Ann Bogaerts, hoofd van het herbarium bij Plantentuin Meise: “Naast 500.000 Belgische exemplaren bevat het herbarium specimens van over de hele wereld. Het oudste specimen dateert van 1724. Vanaf 1850 zijn heel wat plantensoorten vertegenwoordigd. Gedroogde planten worden op papier gekleefd en in mappen bewaard en kunnen zo lang bewaard blijven.” De specimens zitten in kasten in zeven grote collectieruimtes en zijn alfabetisch per familie geordend. Binnen elke familie is er een verdere ordening per genus, soort, land en inzamelaar. 3 van de 4 miljoen specimens zijn intussen ook gedigitaliseerd en online raadpleegbaar via botanicalcollections.be. Vrijwilligers dragen daarin hun steentje bij via het citizen science-platform DoeDat.

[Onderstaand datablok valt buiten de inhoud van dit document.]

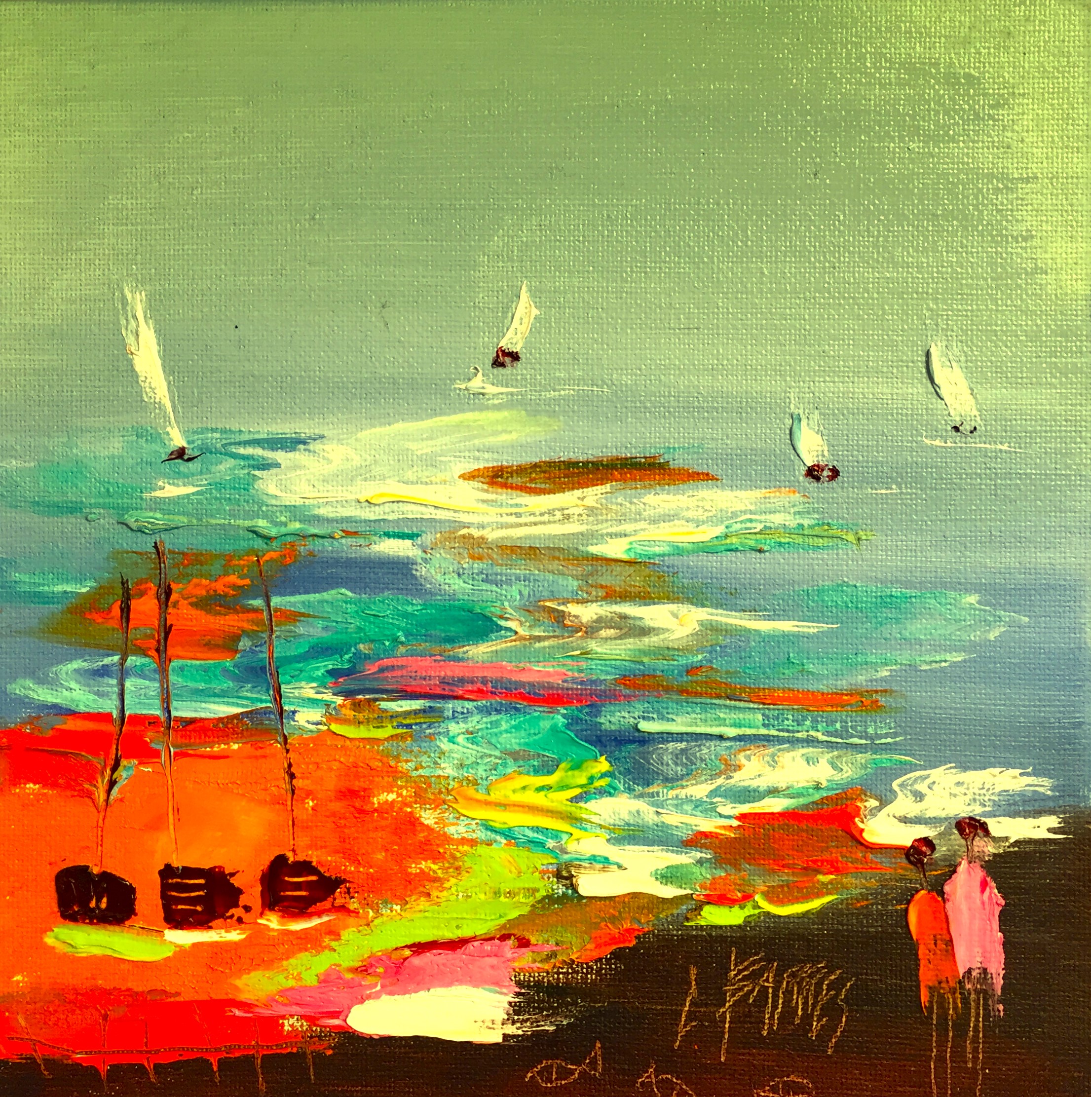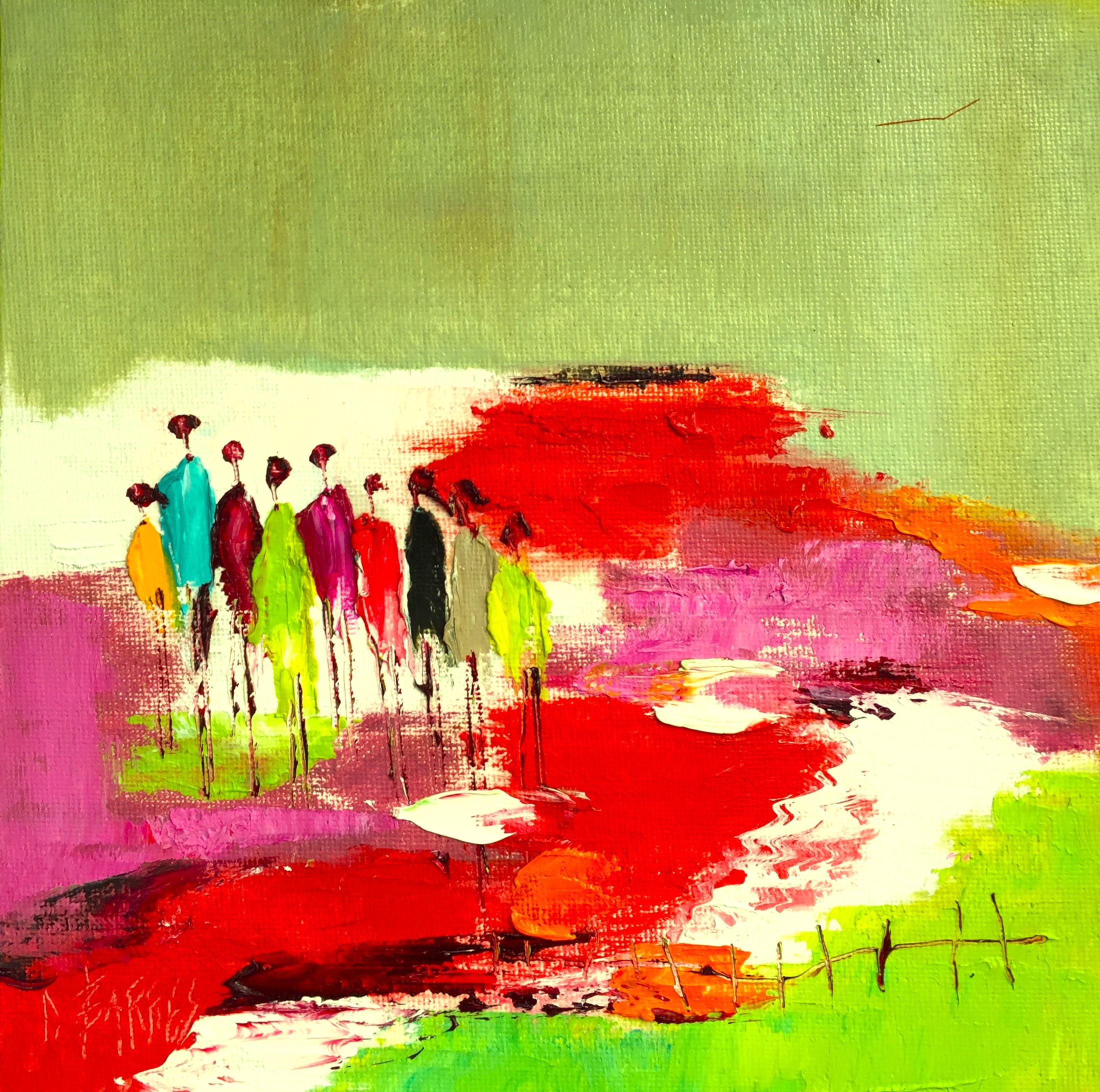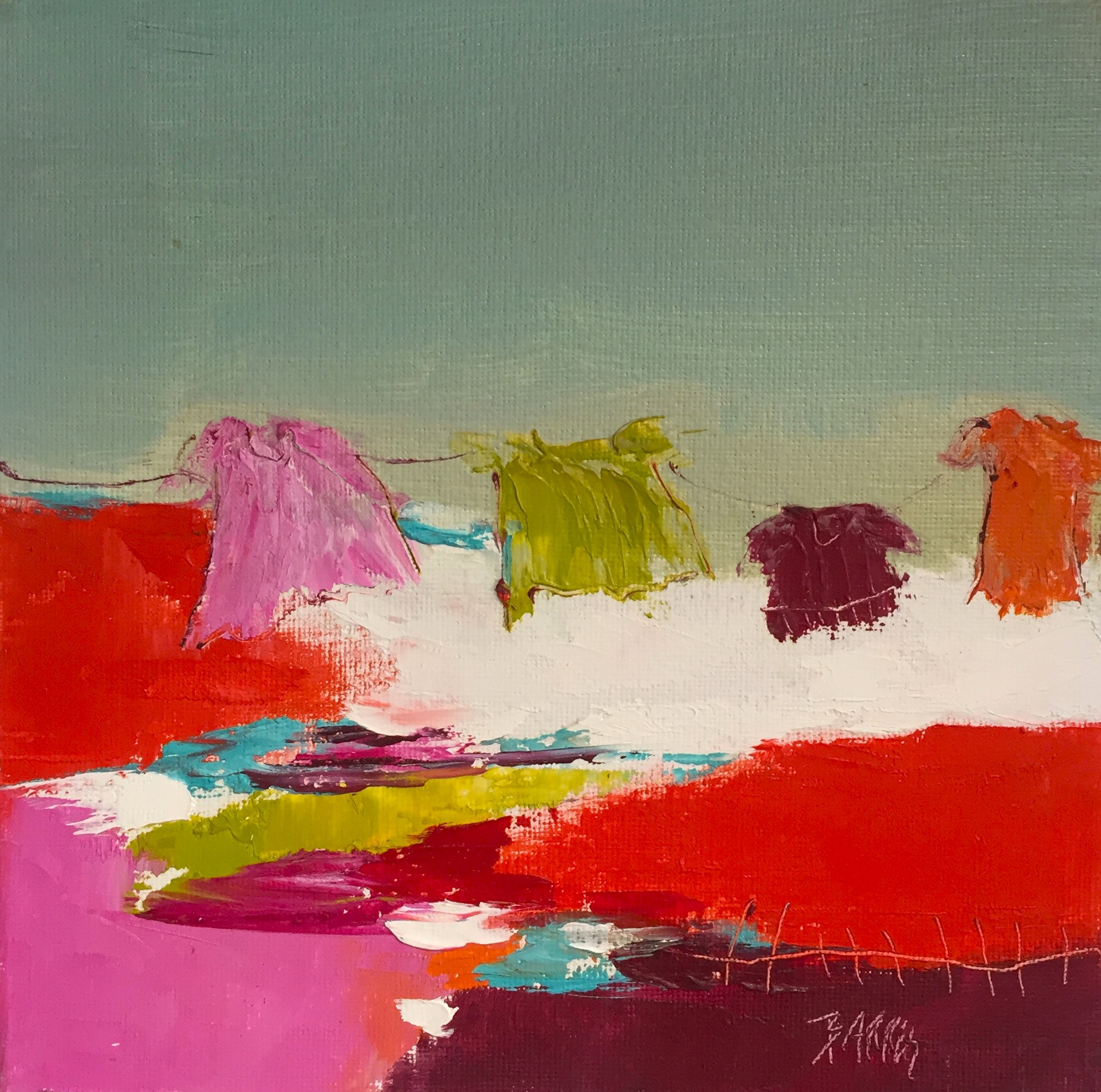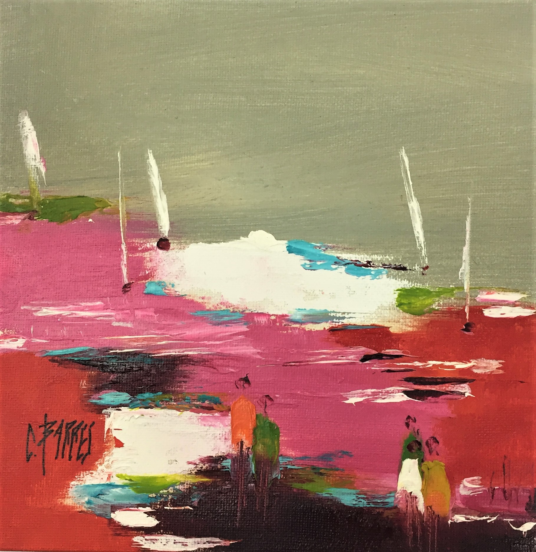 Christine Barrès s’engage dans l’abstraction avec pour format essentiel le carré et pour ligne de mire la couleur, le rythme et la matière. A la charnière de l’abstrait et du figuratif, son travail naît de la spontanéité, de la fantaisie, mais surtout de l’énergie.

“Het herbarium blijft groeien met gemiddeld 15.000 specimens per jaar”, vervolgt Ann. “Onze eigen onderzoekers vullen de collectie aan. Ook universiteiten en hobbyisten schenken hun specimens. Of we wisselen onze ‘dubbels’ uit met andere herbaria.”

Methodologie

Filip Vandelook is directeur onderzoek bij Plantentuin Meise en coördineert het FOURCAST-project. “Voor het onderzoek gaan we 10 tot 20 plantensoorten selecteren. Diversiteit speelt daarbij een belangrijke rol: komt de soort voor in het bos, op akkers, op heide … Daarnaast is het aantal beschikbare stalen uit het herbarium een maatstaf: er zijn 200 tot 300 stalen per soort nodig om ‘ruis’ te vermijden. Tot slot speelt ook de geschiktheid om analyses uit te voeren een rol in het selectieproces. Een harig blad bemoeilijkt bijvoorbeeld het detecteren van huidmondjes.”

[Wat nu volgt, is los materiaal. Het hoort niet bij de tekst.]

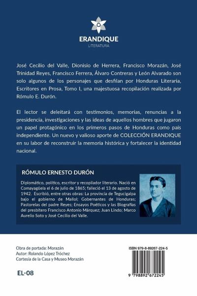 José Cecilio del Valle, Dionisio de Herrera, Francisco Morazán, José Trinidad Reyes, Francisco Ferrera, Álvaro Contreras y León Alvarado son solo algunos de los personajes que desfilan por Honduras Literaria, Escritores en Prosa, Tomo I, una majestuosa recopilación realizada por Rómulo E. Durón. El lector se deleitará con testimonios, memorias, renuncias a la presidencia, investigaciones y las ideas de aquellos hombres que jugaron un papel protagónico en los primeros pasos de Honduras como país independiente. Un nuevo y valioso aporte de COLECCIÓN ERANDIQUE en su labor de reconstruir la memoria histórica y fortalecer la identidad nacional.
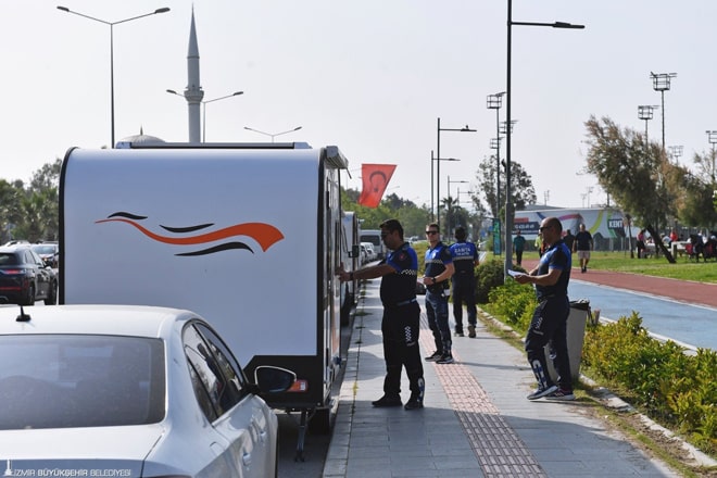 “Karavanların yüzde 70’i plakasız çekme karavan” Karavan denetimleri kapsamında özellikle İnciraltı ve Bostanlı bölgelerinde son yıllarda iyi bir çalışma yapıldığını vurgulayan Toprakdeviren, “Karavanların tahliye edilmesi hususunda tebligatlara başlamıştık. Bu kapsamda İnciraltı’nda 259 karavan tahliye edilirken, Karşıkaya’da ise 174 karavan tahliye edildi” diye konuştu. İzmir genelinde 3 bin 829 karavan tespitinin yapıldığını ancak zabıta ekiplerinin Karşıyaka, Bornova, Bayraklı bölgesinde yaptığı tespitlerde plakalı karavan sayılarının az olduğunu söyleyen Toprakdeviren, “3 bin 829 karavanın yüzde 70’i çekme karavan ve 750 kilonun altında plakasız karavanlar. Çekme karavanlar yasal olarak kaldırılamıyor” bilgisini verdi.

Voor de geselecteerde soorten observeren de onderzoekers veranderingen in de fenologie, oftewel in het verband tussen periodiek terugkerende verschijnselen in de natuur. In dit geval gaat het om het bloeitijdstip, het moment waarop planten bladeren verliezen, het moment waarop ze zaden vormen … “In de natuur kun je op verschillende tijdstippen gaan kijken”, legt Filip uit. “Voor de historische vergelijking hebben we veel stalen uit het herbarium nodig, telkens van verschillende momenten in de cyclus.”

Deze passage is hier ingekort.